Canyon Story Swap with Walking Stick Storytellers Guild, Silverado, Santa Ana Mountains

Mountain Man Joel
Joel Robinson
Mountain Man Joel!
Storytelling is one of the most effective survival tools humans have ever utilized. Thousands of years before the invention of written language, humans were able to perfect and pass down survival strategies from one generation to the next by the simple act of speaking to each other. Thanks to storytelling, complex cultural traditions, hunting and farming methods, shelter building techniques, communication skills, child rearing, and many other basic necessities have persevered into the modern era.

Today, we have many new tools that can help or hinder our ability to survive. Computers, cell phones, movies, TV, cars, automatic heating and air conditioning, sewage treatment plants, water filtration systems, waste management facilities, power plants, robots, and many other technological conveniences can make our lives easier or extremely difficult depending on our socioeconomic status in the world.

Here in OC, the younger generations have almost lost their ability to survive without the aid of an electronic device. For example, a few years ago, I lived in an apartment complex in Santa Ana where most of the residents were college students. Occasionally, when I wandered along the narrow, curving pathways in between apartment units, I encountered another resident heading towards me. The individual was usually about 20-something, grasping a cell phone, and dressed like some beatnik from the 1950s. As we stepped ever closer, there was a simultaneous realization that we had to brush just inches from each other to get by. I, being the friendly neighborhood tour guide, put on a smile, made eye contact, and greeted the individual with an enthusiastic "Hello, how are doing today?" Instantly, fear and anxiety spread across the oncoming pedestrian's face. Rather than respond, the dysfunctional human lurched over into a caveman pose, avoided eye contact, leaped off the narrow pathway, and grunted before hurrying beyond my field of vision. Apparently, this disturbed individual lacked the basic ability to handle regular encounters with random strangers.

These types of occurrences increased year after year until I realized that most folks can no longer converse at social gatherings (without being ridiculously inebriated), drive responsibly, prepare food, manage their own children, clean up after themselves, or even walk erect with their eyes focused on any given destination.

Are we losing our ability to survive? Are the stories that we receive from marketing firms and corporations preventing us from exhibiting rational behavior in our daily lives? Will "progress" bring us to the point where an encounter with a stranger causes us to shit our pants and run away like sheep running away from a wolf?

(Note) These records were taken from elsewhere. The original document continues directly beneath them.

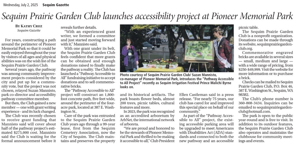 Sequim Prairie Garden Club Launches Accessibility Project at PMP - Sequim Gazette July 2, 2025
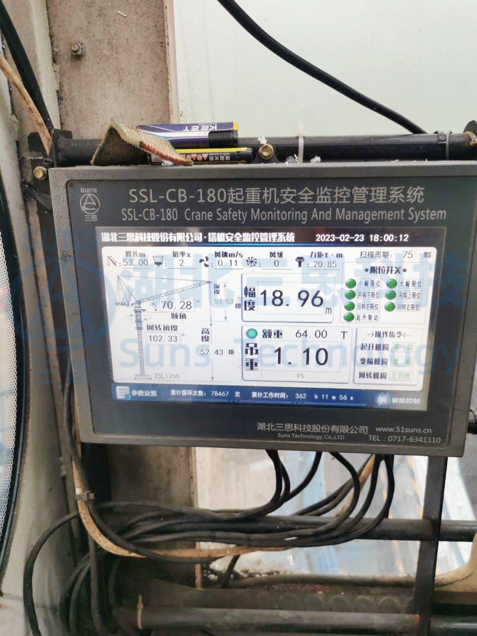 塔吊安全監(jiān)控管理系統(tǒng)主要針對塔機安全監(jiān)控系統(tǒng)、塔機防碰撞和信息化調(diào)度管理而作,使用的是湖北三思科技自主研發(fā)的SSL-CB型塔吊安全監(jiān)控管理系統(tǒng)。
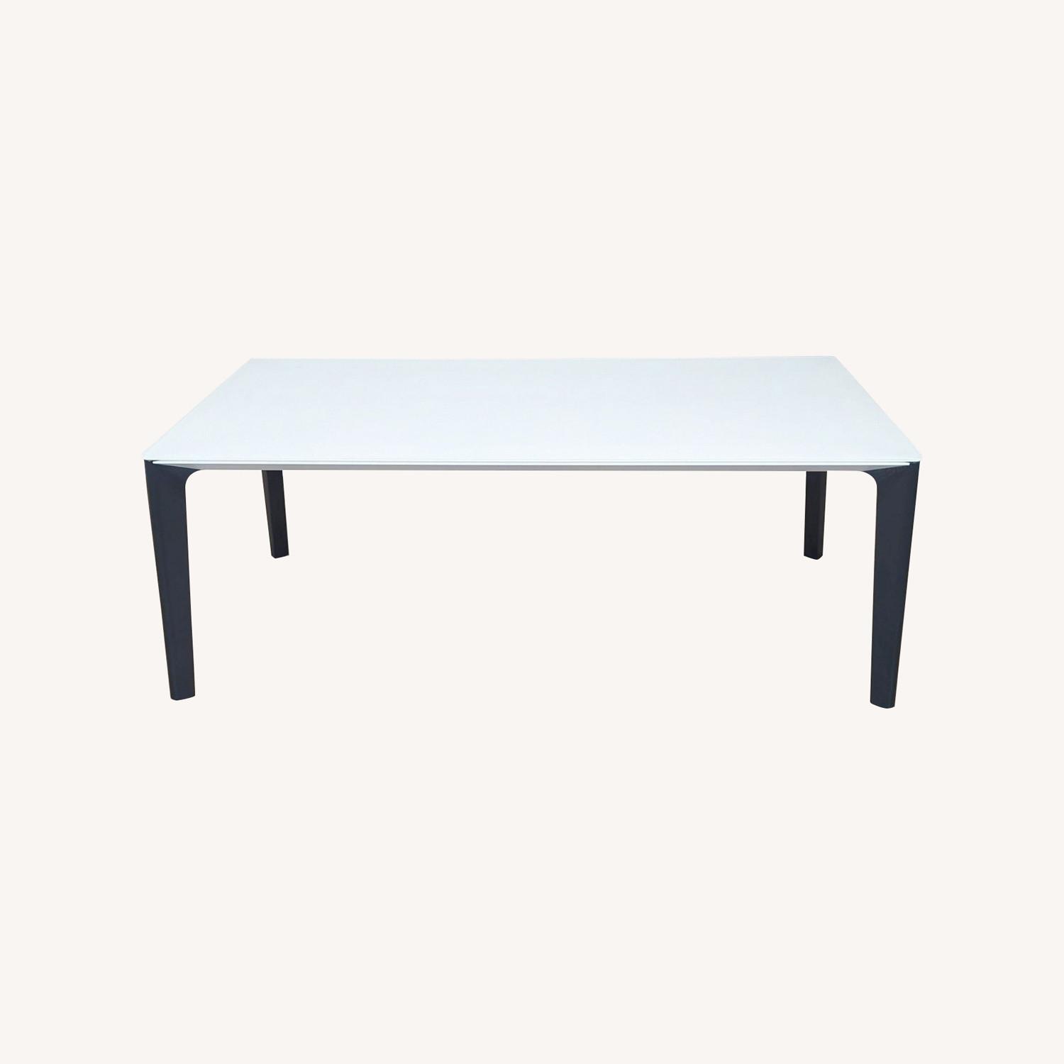 Seller's Notes:Made in Italy, the Bontempi Casa table Versus model was designed by the tenured designer Carlo Bimbi. It has a sturdy metal frame and solid wood legs finished in a lacquer of neutral color. The top is white matte anti-etch, scratch-resistant, lacquered glass in a velvet matt finish.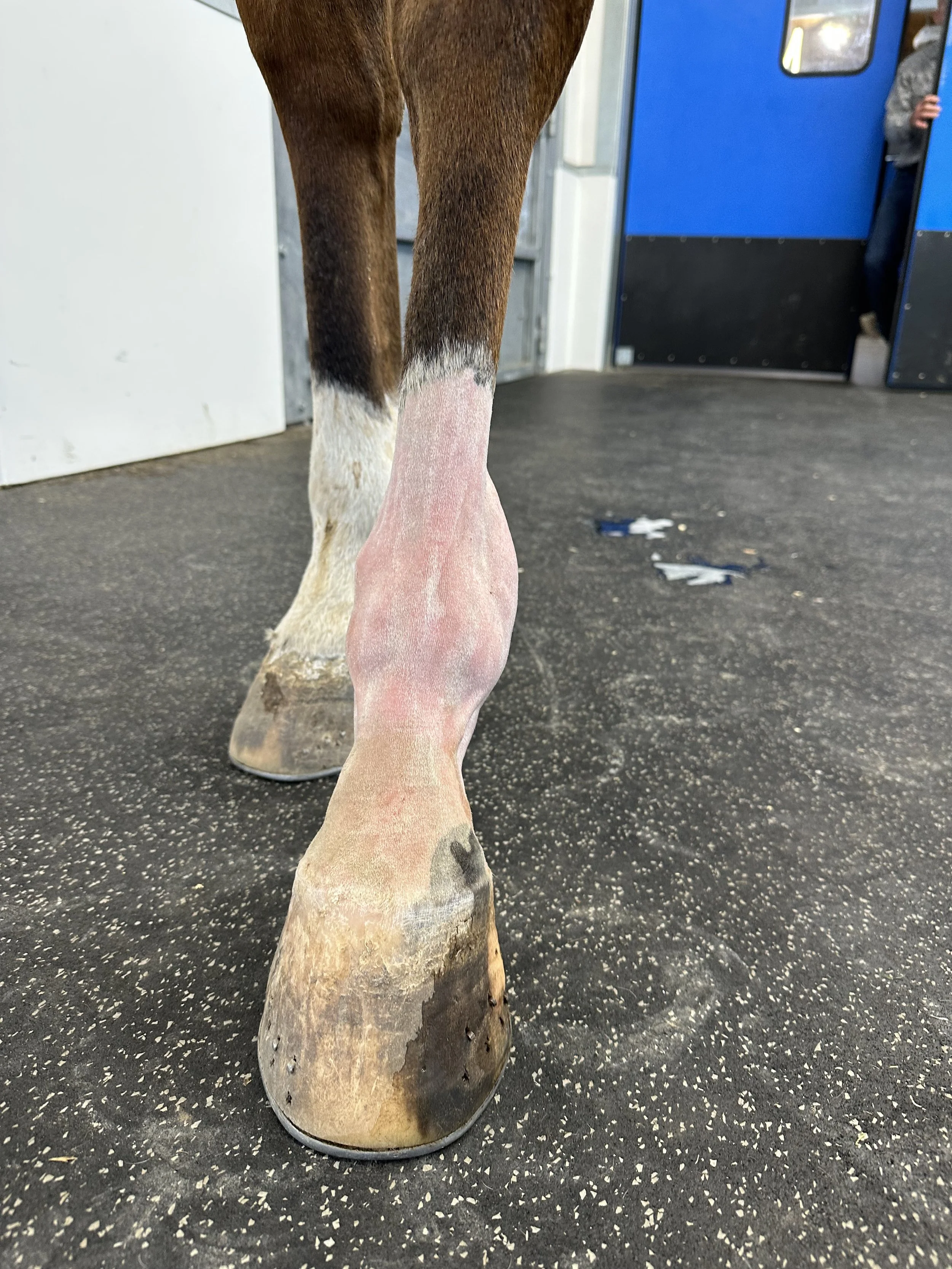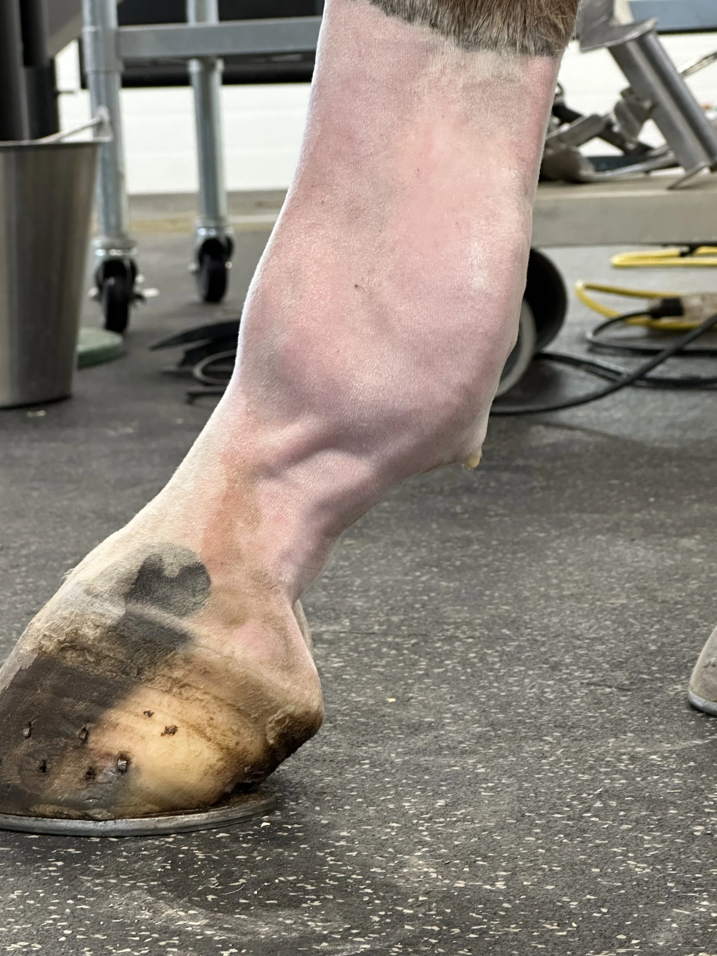 We received new radiographs and ultrasounds which show sesamoid fragments embedded in the suspensory ligament. Due to poor prognosis of surgery, limited comfort after injections, and age of the injury, we opted to rehabilitate his hoof angles to relieve stress to the fetlock in addition to a custom Acuscope and Myopulse treatment plan. He is currently sound doing light work and living outside.

Walking Stick Storytellers Guild artifact
Joel Robinson
Artifact found in the hole of oak tree in Black Star Canyon

This dismal situation reminds me of The Wolf in Sheep's Clothing and The Boy Who Cried Wolf, two classic stories with lessons about human survival. These and other tales still exist, yet somehow, the stories of our ancestors have been twisted to sell us products instead of help us survive. Not only are there infinite volumes of human wisdom stored in the underappreciated places known as libraries, in addition, we have stories to tell within ourselves. Our everyday experiences, extensive family histories, and constant struggles are chapters within an endless story known as the ecosystem. Our stories can be shared for all to benefit. They can be passed down from generation to generation, so we can learn to avoid the pitfalls of short-term thinking. We can venture down the dark aisles of libraries, past the DVDs and magazines, and borrow stories from the great storytellers of the past.